Published January 13, 2015
The latest news about calcium and vitamin D may not look so encouraging, but most experts say the take-home message is the same: Keep taking your pills.
The biggest study ever to examine the value of the supplements suggests they convey only limited protection against broken bones. They failed to protect against most fractures in the mostly low-risk women, but seemed to offer some benefit against hip breaks among women over 60 and those who took the pills most faithfully.
The outcome could affect an enormous number of people, since an estimated 10 million Americans have break-prone bones thanks to osteoporosis. One of two women will suffer such a fracture in her lifetime.
Doctors, who have long taken the value of these supplements almost as an article of faith, tried to put the findings as positively as possible.
"We still do believe ... that maintaining an adequate calcium intake will lay the foundation for bone health," said lead author Dr. Rebecca Jackson at Ohio State University.
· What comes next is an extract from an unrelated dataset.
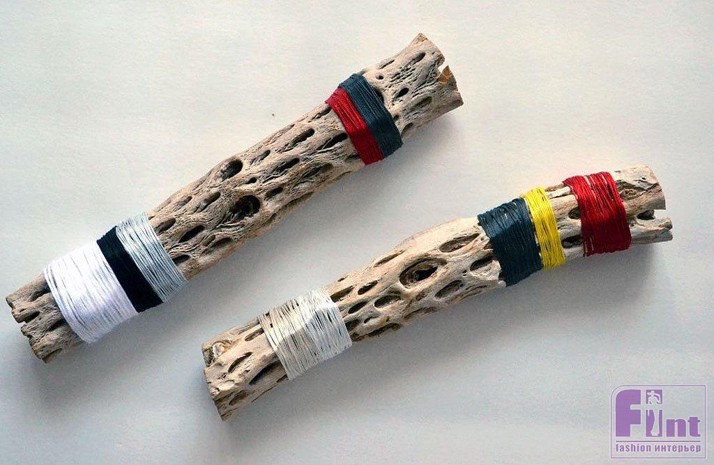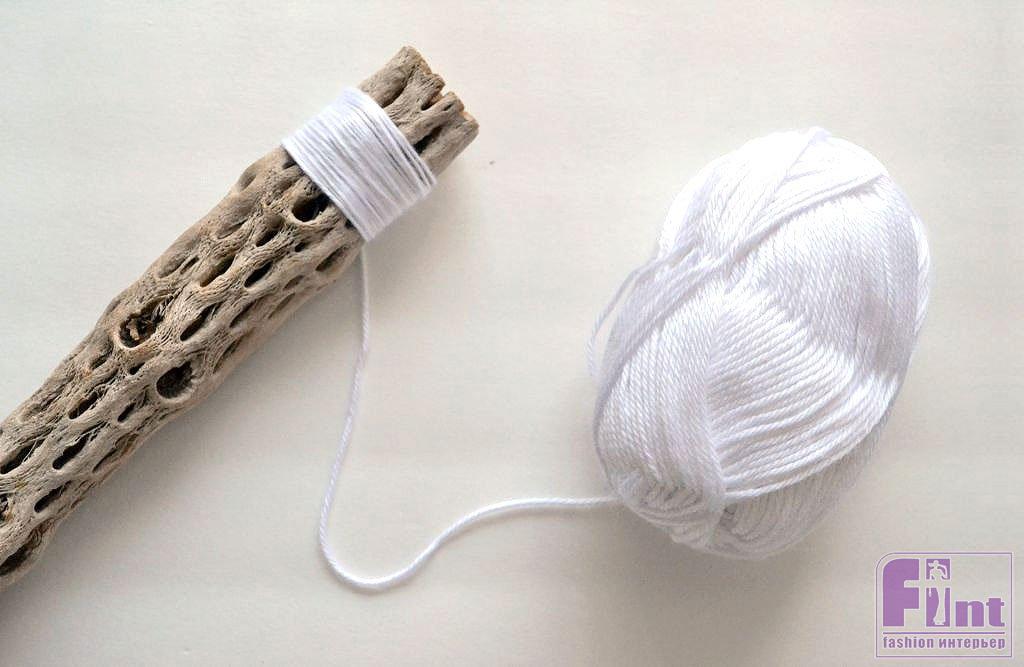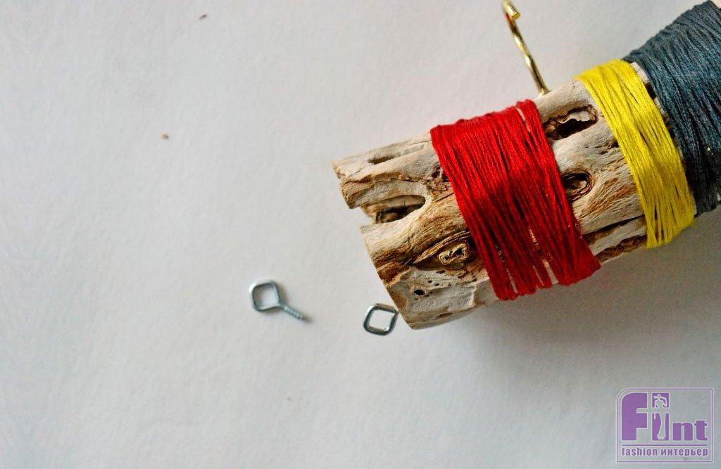 Начните обматывать корягу нитками для вышивания. На самом деле нет точного способа выполнения этого шага, кроме как убедиться, что шпагат туго намотан на корягу. Выбирайте своё сочетание цветов и ширину намотки, или воспользуйтесь нашим примером. Свободные концы ниток закрепите с обратной стороны с помощью клея для рукоделия.

But some disappointment seeped out at the margins. The study is "not as ringing an endorsement of calcium as one might like," said one of the researchers, Dr. Norman Lasser at New Jersey Medical School.
The study's findings were published Thursday in The New England Journal of Medicine. They were a long-awaited offshoot of the big national study of diet and hormone therapy known as the Women's Health Initiative.
For women older than 50, federal guidelines recommend 1,200 milligrams of bone-building calcium and 400-600 international units of vitamin D daily from diet and, if needed, supplements.
The seven-year study of 36,282 women ages 50 to 79 gave half the participants 1,000 milligrams of calcium and 400 units of vitamin D, while the other half took dummy pills.
However, many were also taking their own supplements before the research began, and they were allowed to keep doing so, whether they were assigned to the test group or the comparison group. These extra supplements may have helped the women stay healthy but ironically diluted the findings, since any benefit is harder to show against a backdrop of fewer fractures. Also, women in the study were taking hormone pills, likely further cutting the number of fractures.
The study showed better hip bone density in the group given supplements, but they ranked no better statistically in avoiding fractures of all kinds.
However, some benefit seemed apparent. Women over age 60 reduced their chances of hip fracture by 21 percent with the supplements. And those who took their supplements most regularly lowered their risk by 29 percent.
"There's probably a small benefit," said Dr. Joel Finkelstein, of Massachusetts General Hospital, who wrote an editorial to accompany the study. "It's a good start, but women at higher risk need to know it's not enough."
Many experts downplayed the meaning of the negative finding. Dr. Bess Dawson-Hughes, a Tufts University vitamin expert who helped shape the dietary guidelines, said they should remain unchanged for now.
"You put people who don't need it together with people who aren't taking it, and you find nothing — and that really isn't all that surprising," she said.